Usually, when dealing with integers to perform computations on data, we want to be able to represent negative quantities.

However, when negative values do not make sense, we can choose to force the computer to interpret the value as a positive number. To do so we use the unsigned integer type (e.g. unsigned int).

Examples of when to use unsigned types:

Indexes into an array
Number of bytes to read
The size of a buffer
Representing raw, untyped binary data

A Note on Signed/Unsigned

Security Concerns

Mishandling signed and unsigned data can cause security vulnerabilities because of the differences in range. For a 1 byte integer, there are 256 different values:

signed char: -128 to +127
unsigned char: 0 to +255

Consequently, signed values -128 to -1 are represented the same way as unsigned values from +128 to +255.

This can cause problems when programmers treat signed data as unsigned or vice versa.

Endianness

Big vs. Little Endian

There are two ways of ordering the bytes on a computer: big endian and little endian.

Big Endian: Most Significant Byte (MSB) first
Little Endian: LSB first

For example, the byte sequence "\x01\x00" represents 0x0100 (256) on a big endian machine and 0x0001 (1) on a little endian machine.

A side effect of little endian is that converting a 32-bit integer to a 16- or 8-bit integer (or 16- to 8-bit) involves ignoring the bytes on the right side, not on the left. This makes the machine code for expressions like short s = *pointer_to_int; simpler, since you don't need to add an offset to the address.

x86 is a Little Endian Architecture!

I promise you that this will mess you up at least once when you're writing an exploit!

Shifts and Bitwise Operations

Conceptual

Shifts simply move all of the bits to the right or the left, dropping what falls off the end and filling in with zeros. The exception to this rule is when right-shifting a signed number. In this case, the computer checks if the number is negative by looking at the most significant bit. Positive numbers are filled in with zeros, and negative numbers filled in with ones. This process is called sign extension

Right Shift: >>
Left Shift: <<

Bitwise operations apply a logical operation (not, and, or, xor) to every bit in order.

Not: ~
And: &
Or: |
Xor: ^

Shifts and Bitwise Operations

Examples

1100 << 1 == 1000
1100 (unsigned) >> 1 == 0110
1100 (signed) >> 1 == 1110
~1100 == 0011
1100 & 0000 == 0000
1100 & 1111 == 1100
1100 | 0000 == 1100
1100 | 1111 == 1111
1100 ^ 0000 == 1100
1100 ^ 1111 == 0011

Floating Point Representation

Floating point numbers are represented according to the standard IEEE-754. That means nothing to you.
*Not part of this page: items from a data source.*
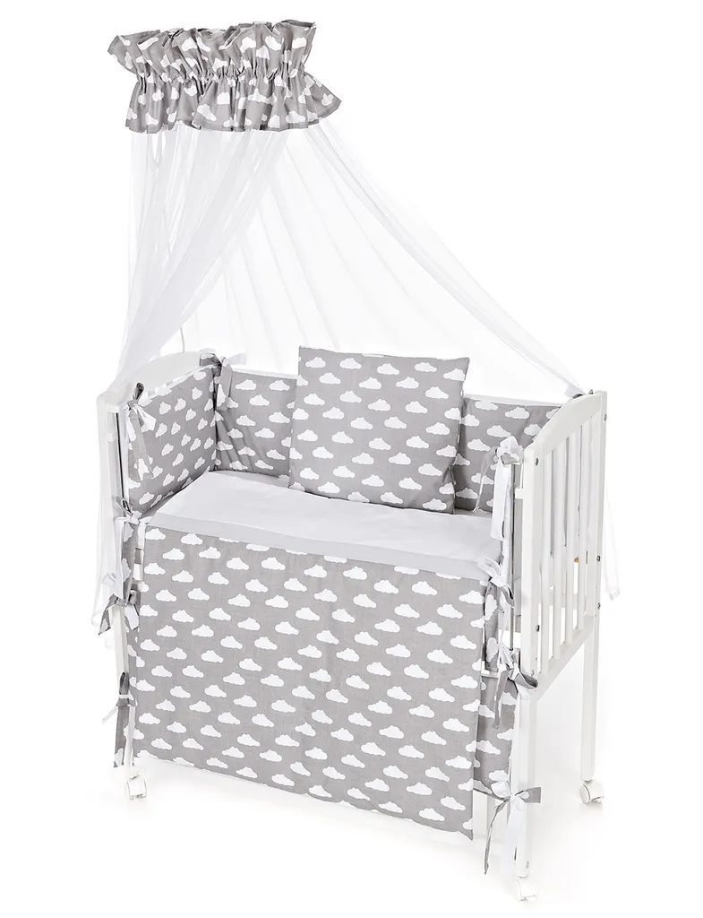 Beistellbett Komplett Set 90 × 40 Weiß Wolken Grau Höhenverstellbar
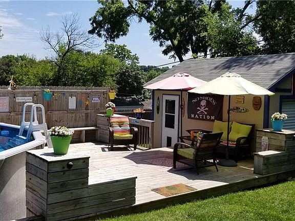 Family and friends lovingly refer to this home as "the resort" The yard is over a third of an acre, perfectly manicured with a permanent above ground heated pool. Beautiful custom built deck and "He Shed" with cable, electricity and AC. The shed also has another space that can store all of your pool toys, riding mower and lawn equipment. Relax in the pool all day, end your evening with smores by the fire pit, drink coffee on the covered front porch. Deck on the back of the home perfect for grilling and taking in your beautiful yard. Freshly painted from top to bottom with a very light neutral gray. Updated bathroom with tile, convenient first floor laundry. Basement has plenty of storage and a workshop!. New windows, AC, electrical and more. Nice quiet street with fantastic neighbors. Home is eligible for NFC financing with a $10,000 grant. This is the kind of home that has been lovingly cared for and many memories with family made. 3rd Non-Conforming Bedroom Upstairs!
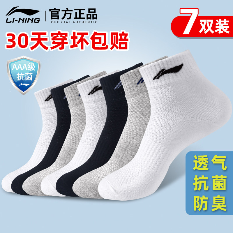 券 6元销量100李宁袜子夏季男运动袜女棉透气吸汗跑步袜中筒羽毛球毛巾底篮球袜

Since it isn't critically important to you right now, we're going to wave our hands at it. Those interested should go to the Wikipedia page.
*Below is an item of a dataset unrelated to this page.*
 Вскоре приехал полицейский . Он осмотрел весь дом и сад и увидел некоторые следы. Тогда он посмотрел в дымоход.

Sufficeth to say it is quite different from how integers are represented.

Type Casts

Types of Casts

There are two types of casts:

Normal Casts: float f = (float)some_int;
Binary Reinterpretation Casts: float f = *(float*)&some_int;

Needless to say, the two are quite different. The first will do a proper conversion, while the second will copy the raw bit pattern.
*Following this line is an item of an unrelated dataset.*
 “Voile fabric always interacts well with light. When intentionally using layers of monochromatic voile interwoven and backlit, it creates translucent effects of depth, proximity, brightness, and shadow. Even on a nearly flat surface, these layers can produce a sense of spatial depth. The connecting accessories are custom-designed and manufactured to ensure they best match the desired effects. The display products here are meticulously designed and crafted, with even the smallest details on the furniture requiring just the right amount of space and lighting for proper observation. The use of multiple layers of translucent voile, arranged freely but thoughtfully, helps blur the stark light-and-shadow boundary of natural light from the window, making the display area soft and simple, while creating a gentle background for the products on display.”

In addition, there are multiple types of normal casts:

Integer<->Integer Casts: Narrowing
Integer<->Integer Casts: Widening
Integer<->Float Casts
Pointer Casts (which result in reinterpret-casts of the data they point to)

Type Casts

Integer<->Integer Casts: Narrowing

Narrowing is casting a larger integer type down to a smaller integer type (e.g. int to short).

To narrow to n bytes, the machine will take the n least significant bytes and store them into the result. Thus, (char)257 == 1.

As shown in the above example, this can cause strange results when narrowing to a type that cannot hold the run-time value of the variable being cast. Narrowing casts are only safe when the run-time value can be represented in the target type. Narrowing in other circumstances causes unintuitive results.

Type Casts

Integer<->Integer Casts: Widening

On the other hand, the opposite (widening) is always valid for unsigned->signed casts and casts with no change in signedness. In these cases, the n bytes of the original variable are copied to the least significant bytes of the target. If the target is unsigned, zeros are added to the MSBs, and if it is signed then they are subject to sign extension.